Please give back each line of the material unchanged, but without the images.

- [Provided records]:

Content starts

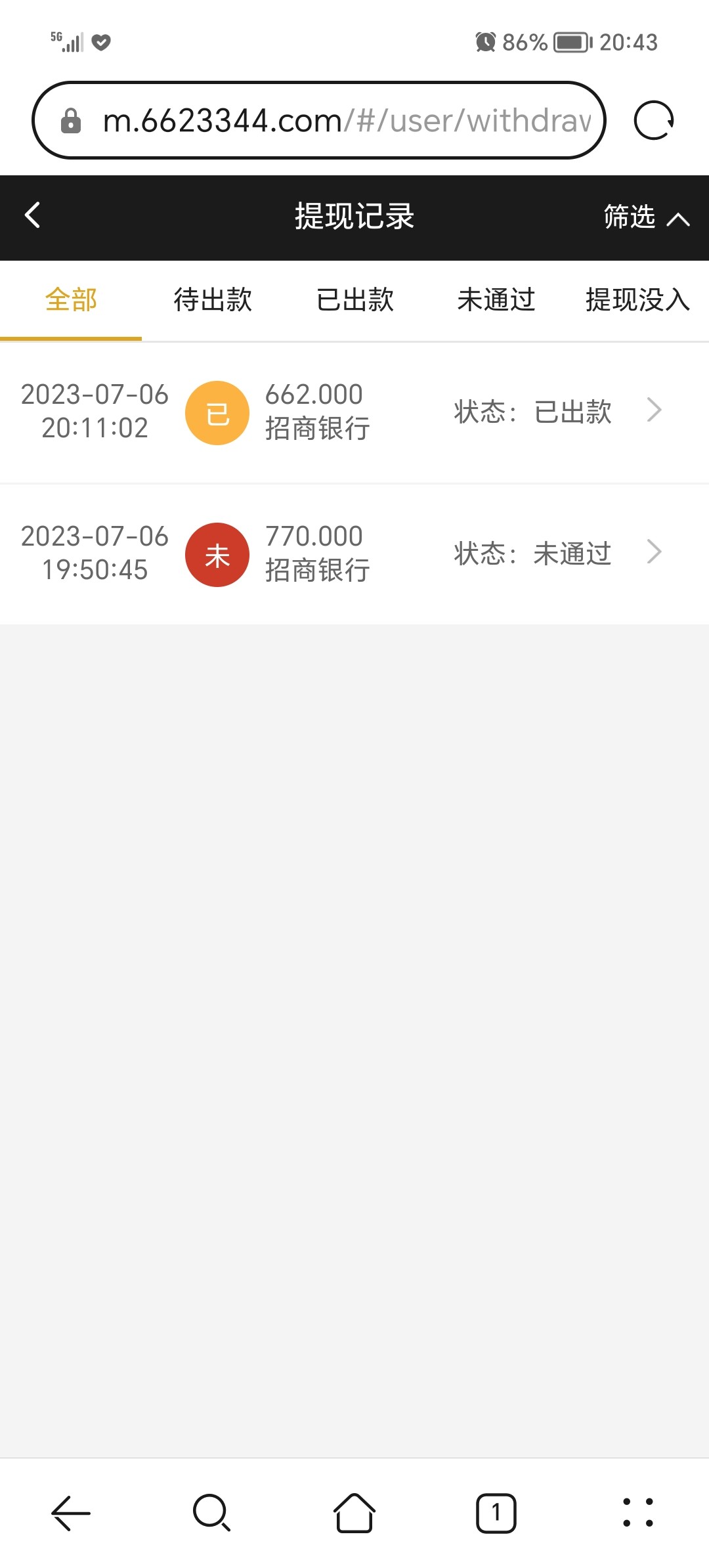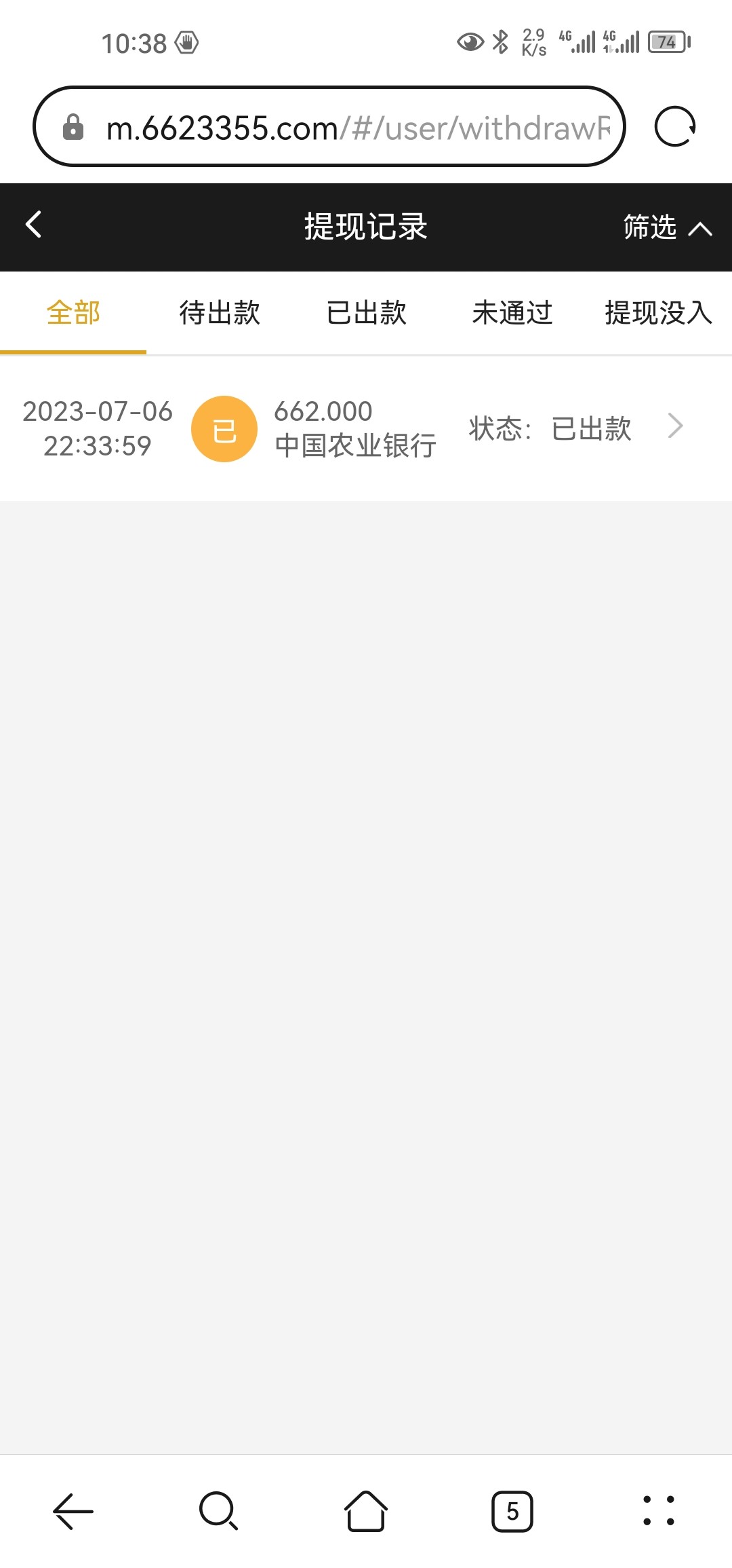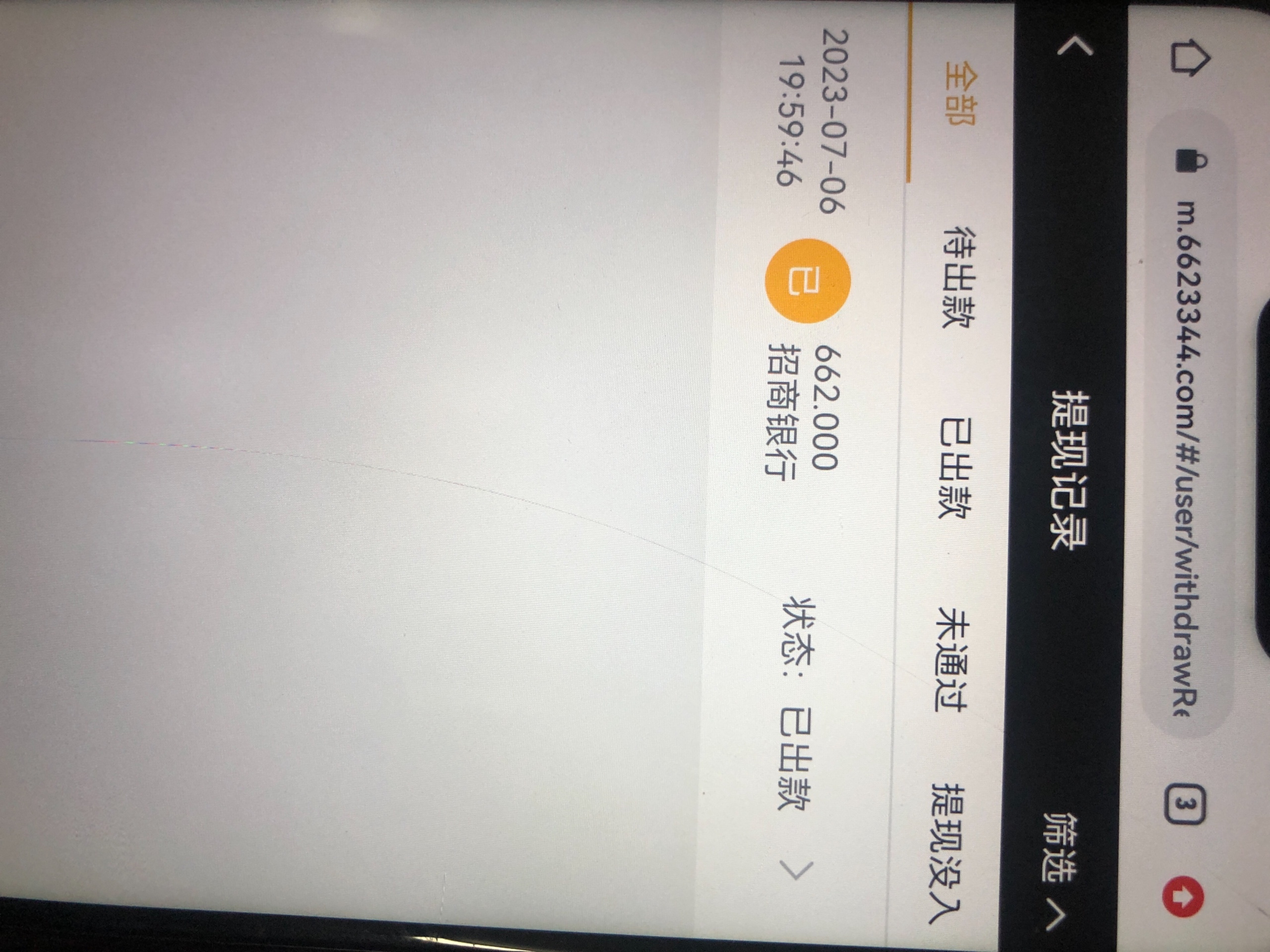 我打出来了,但是提现662显示已出款,钱没到账
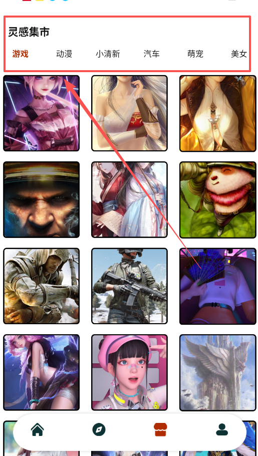 1、全面使用应用需要先熟悉灵感集市的结构,掌握通过分类标签和主题描述快速找到参考素材的方法。
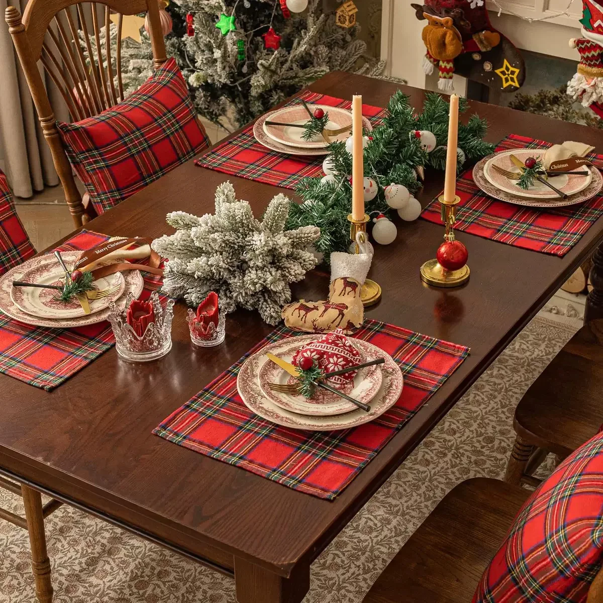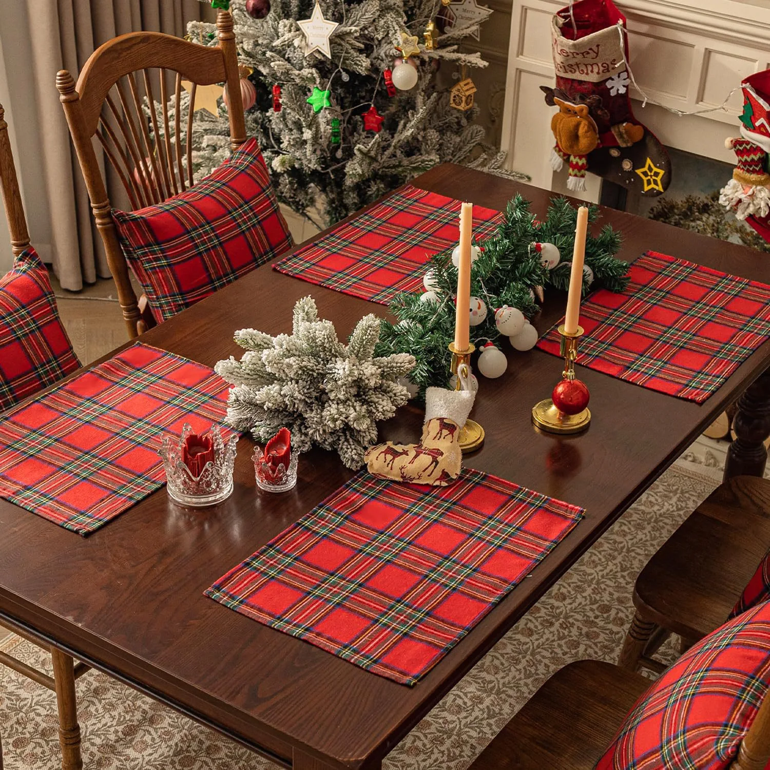 Christmas Red Plaid Napkins Retro Checkered Napkins for Holiday Dinner Party Dining Festive Decor Dropshipping
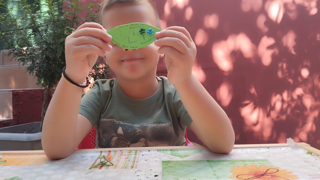“Αγάπη: Η αγάπη είναι όταν βοηθάς κάποιον, όταν τον φροντίζεις και τον αγκαλιάζεις. Όπως όταν βοηθάς τη μαμά σου να μαζέψει τα παιχνίδια ή όταν παίζεις με τους φίλους σου χωρίς να τσακώνεστε.”
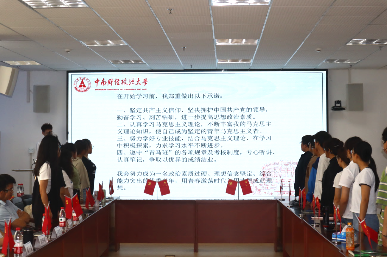 大会第五项,全体学员起立,在主持人耿康博同学的带领下,宣读承诺书,承诺坚定共产主义信仰,认真学好马克思主义理论,努力钻研专业技能,遵守青马班各项规章及考核制度,努力成为一名理想信念坚定、综合能力突出的优秀青年,抓住时代机遇,不负青春韶华。至此,“第八期青年马克思主义者培训班”开班仪式圆满结束。
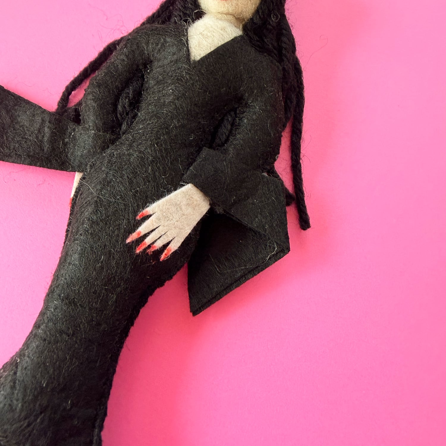 ウールのフェルトを使用しており、手縫いと刺繍であたたかさを感じるアイテム。
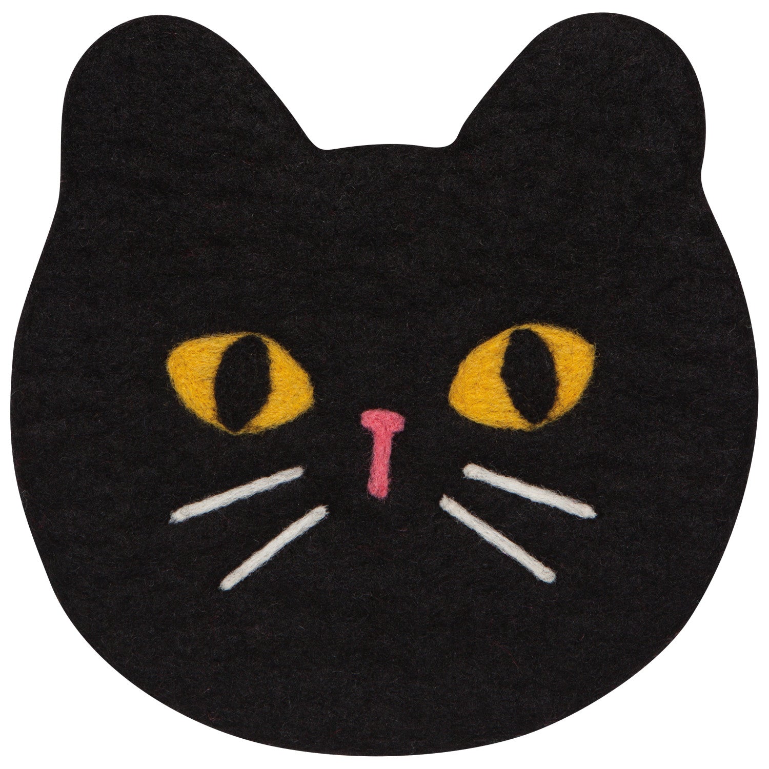 Hot pots and kettles get a soft, sturdy place to land with the Black Cat felted wool trivet. This trivet beautifully blends durability, absorbency, and bold color. This certified Fair Trade felt trivet is handmade in Nepal.With mischief and mirth shining from its eyes, it casts a spell with the strength of its sparkling stare in this design from the Black Cat collection.
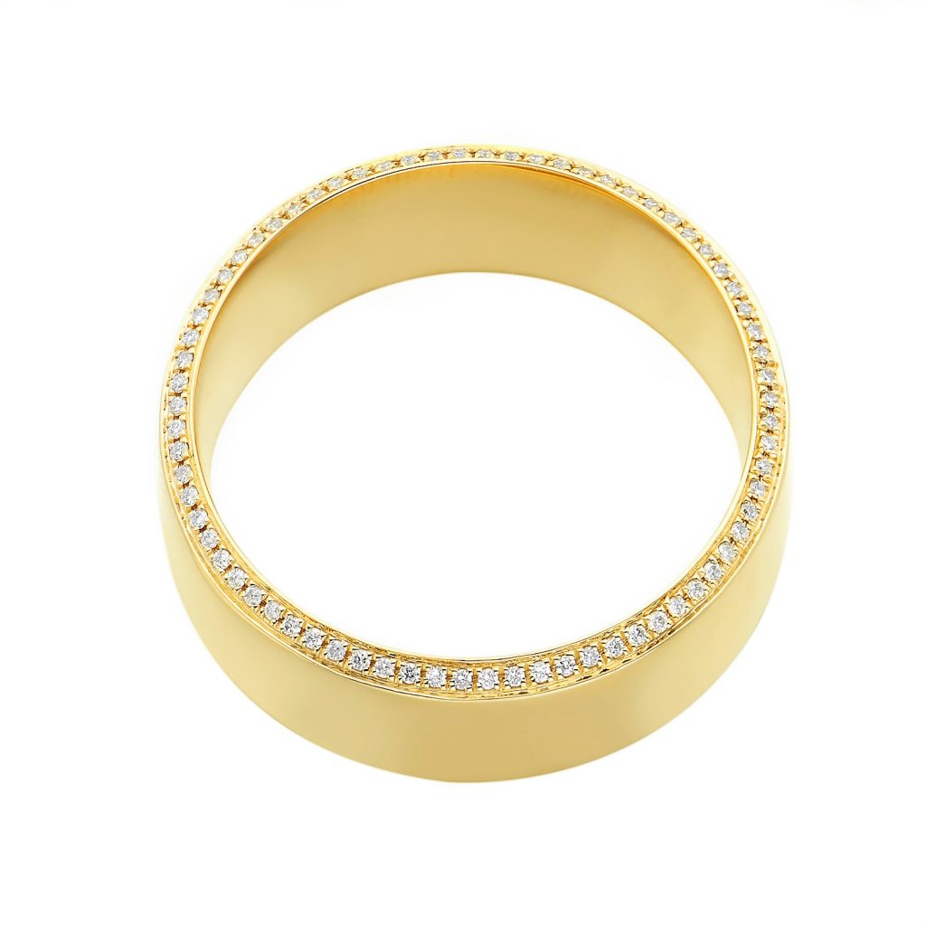 Polished 18K yellow gold is matched with two sides of petite sparkling diamonds.

Content ends

- [Written reply]:
 我打出来了,但是提现662显示已出款,钱没到账
 1、全面使用应用需要先熟悉灵感集市的结构,掌握通过分类标签和主题描述快速找到参考素材的方法。
 Christmas Red Plaid Napkins Retro Checkered Napkins for Holiday Dinner Party Dining Festive Decor Dropshipping
“Αγάπη: Η αγάπη είναι όταν βοηθάς κάποιον, όταν τον φροντίζεις και τον αγκαλιάζεις. Όπως όταν βοηθάς τη μαμά σου να μαζέψει τα παιχνίδια ή όταν παίζεις με τους φίλους σου χωρίς να τσακώνεστε.”
 大会第五项,全体学员起立,在主持人耿康博同学的带领下,宣读承诺书,承诺坚定共产主义信仰,认真学好马克思主义理论,努力钻研专业技能,遵守青马班各项规章及考核制度,努力成为一名理想信念坚定、综合能力突出的优秀青年,抓住时代机遇,不负青春韶华。至此,“第八期青年马克思主义者培训班”开班仪式圆满结束。
 ウールのフェルトを使用しており、手縫いと刺繍であたたかさを感じるアイテム。
 Hot pots and kettles get a soft, sturdy place to land with the Black Cat felted wool trivet. This trivet beautifully blends durability, absorbency, and bold color. This certified Fair Trade felt trivet is handmade in Nepal.With mischief and mirth shining from its eyes, it casts a spell with the strength of its sparkling stare in this design from the Black Cat collection.
 Polished 18K yellow gold is matched with two sides of petite sparkling diamonds.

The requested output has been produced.